斜视是由双眼视轴不平行引起,不仅会引起视觉抑制和异常视网膜对应,而且会在一定程度上影响患者双眼正常发育[1]。斜视会使眼球部位结膜暴露在外,在光化学刺激和外界长时间的接触下,极易造成泪膜不稳定。而泪膜完整性的破坏又会影响正常角结膜上皮结构及其功能的维持,在临床上可见患者频繁眨眼、结膜充血等表现。目前,临床对于斜视常采用外科手术治疗,譬如显微镜下行斜视矫正术。结膜充血等临床症状会缩短短泪膜破裂时间(BUT)和减少泪液分泌,影响手术治疗效果。研究报道,内斜视患者眼表健康状况较外斜视患者更差,其泪膜不稳定、泪河浅、炎症反应更重[2]。但临床上关于斜视患者术前眼表状况评估及对术后视觉功能的影响的报道较少,基于此,本研究选取80例共同性内、外斜视患者的临床资料进行回顾性分析,通过比较共同性内、外斜视患者的眼表状况及视觉功能恢复情况,为共同性内、外斜视患者根据其眼表健康情况及时予以泪液补充、抗炎及手术治疗,促进眼位恢复正常状态提供科学依据。

1 资料与方法

1.1 一般资料回顾性分析2018年2月至2020年5月成都市第六人民医院眼科诊治的80例共同性斜视患者的临床资料,其中,共同性外斜视患者46例(A组),共同性内斜视患者34例(B组)。
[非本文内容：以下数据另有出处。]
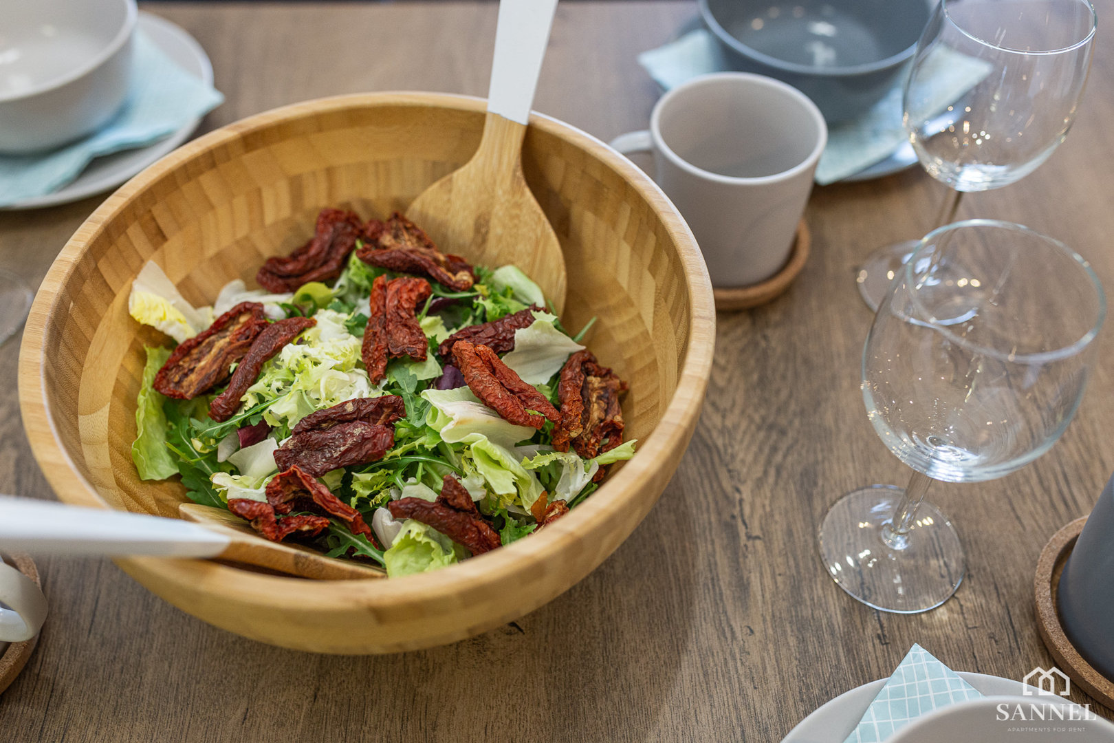 Składa się z salonu z aneksem kuchennym, wygospodarowaną częścią jadalnianą , sypialni oraz łazienki. Aneks kuchenny wyposażony został we wszystkie niezbędne akcesoria oraz sprzęty AGD potrzebne do przygotowania posiłków takie jak mikrofala z funkcją pieczenia, toster. Salon z oknami panoramicznymi, połączony z aneksem kuchennym posiada miejsce do spożywania posiłków, a także odpoczynku jak również daje możliwość spania dzięki rozkładanej sofie. W salonie znajduje się płaski TV z wszystkimi kanałami kablowymi w różnych językach. Z salonu można bezpośrednio wyjść na przestronny taras gdzie znajduje się wypoczynek ogrodowy.Sypialnia posiada duże podwójne łóżko, przestronną szafę oraz szafki nocne. Z tego pomieszczenia także bezpośrednio przemieścimy się na taras. Łazienka apartamentu Grey Sand, została zaopatrzona w prysznic,toaletę oraz umywalkę wraz z szufladami.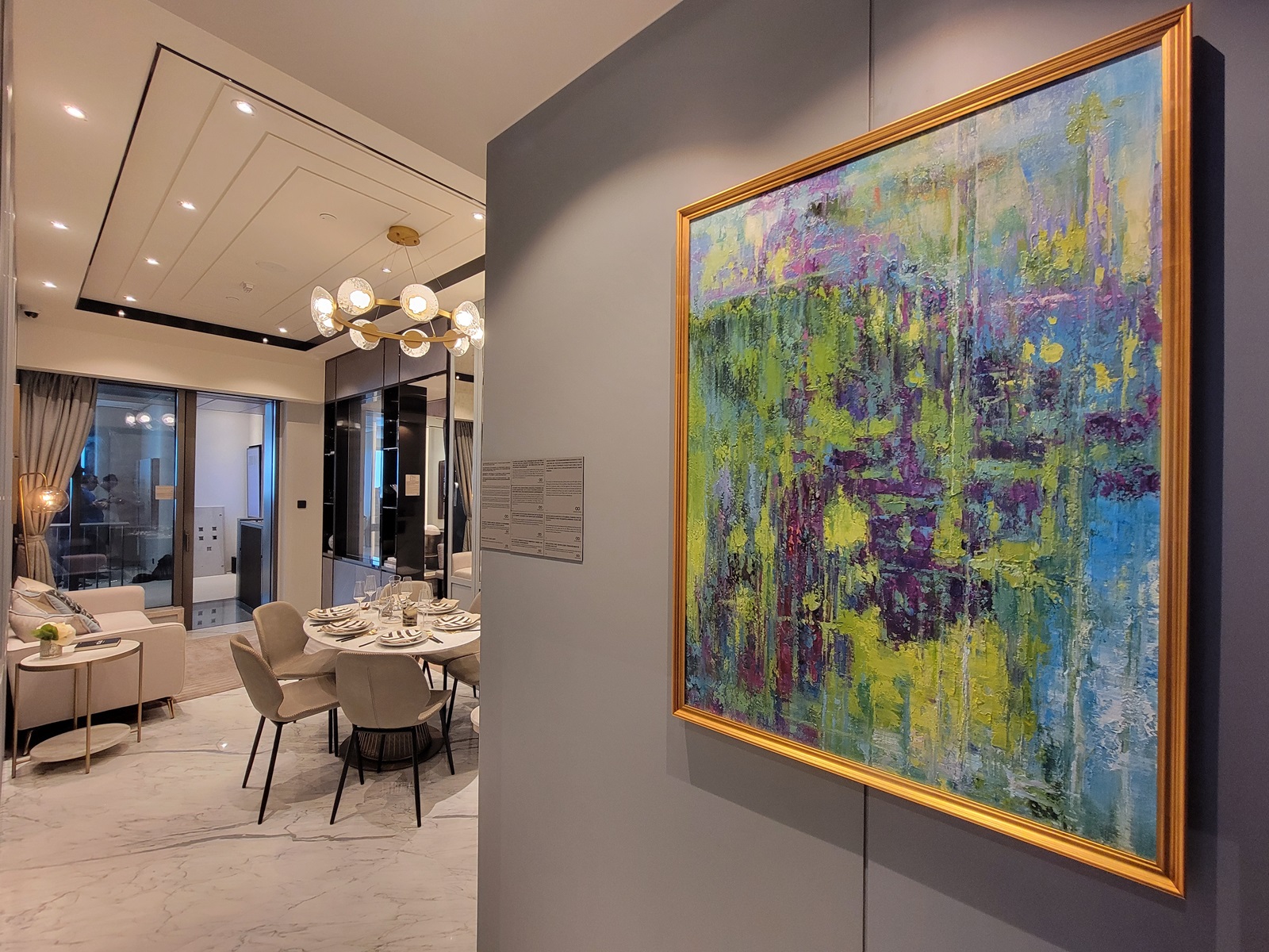 客飯廳特設6人雲石橢圓形餐桌配合幾何圖案餐盤,以及黑金配色餐具,餐椅使用灰色皮藝更添典雅,餐桌旁的鏡面裝飾,另一側牆面掛著大幅藝術畫配合鮮黃色的植物營造視覺層次,上方懸掛一盞圓形特色水晶吊燈。

诊断标准:符合眼科临床指南(第2版)[3]中相关诊断标准。纳入标准:①经门诊确诊为共同性斜视;②临床资料完整;③无眼科疾病及手术史。排除标准:①继发性斜视;②伴有严重角膜炎;③合并眼部外伤。A组:男性24例、女性22例;年龄18~45岁,平均年龄(28.45±2.45)岁;体质指数(Body mass index,BMI)19~27 kg/m2,平均BMI (23.45±2.02)kg/m2;B组:男性16例、女性18例;年龄18~43岁,平均年龄(28.34±2.37)岁;BMI 19~28 kg/m2,平均BMI (23.51±2.09)kg/m2。两组一般资料比较差异无统计学意义(P>0.05)。

1.2 方法(1)术前眼表检查方法:采用OCULUSKeratograph眼表综合分析仪的R-Scan眼红分析模式、非侵入式泪膜破裂时间程序、非侵入式泪河高度测量程序进行检查。先测量右眼,再测量左眼,连续测量3次,取其平均值。(2)手术方法:两组患者均在显微镜下行斜视矫正术治疗,术前3 d指导采用左氧氟沙星滴眼液滴眼,4次/d;其次对患者进行表面麻醉,再采用利多卡因行球结膜下直肌浸润麻醉,待麻醉发挥作用后将显微镜倍数调至4~5倍,利用开睑器开睑后作改良Parks切口,再根据患者斜视程度和类型选择合适切口位置和形态,采用直肌后徒方法剪开Tenons囊至巩膜,分离Tenons囊与肌间膜之间的联系,随后采用可吸收缝线缝扎肌肉,于浅层巩膜处固定,调节对眼位后在正位处结扎,并在术后整复结膜切口。(3)双眼视觉功能检查方法:采用同视机于术后对两组患者行双眼视功能检查;其中,Ⅰ级:同时视,采用狮笼画片检查;Ⅱ级:融合功能,采用猫蝶画片检查;Ⅲ级:远立体视觉,采用3支矛画片检查;所有检查均由同一高年资检查技师完成。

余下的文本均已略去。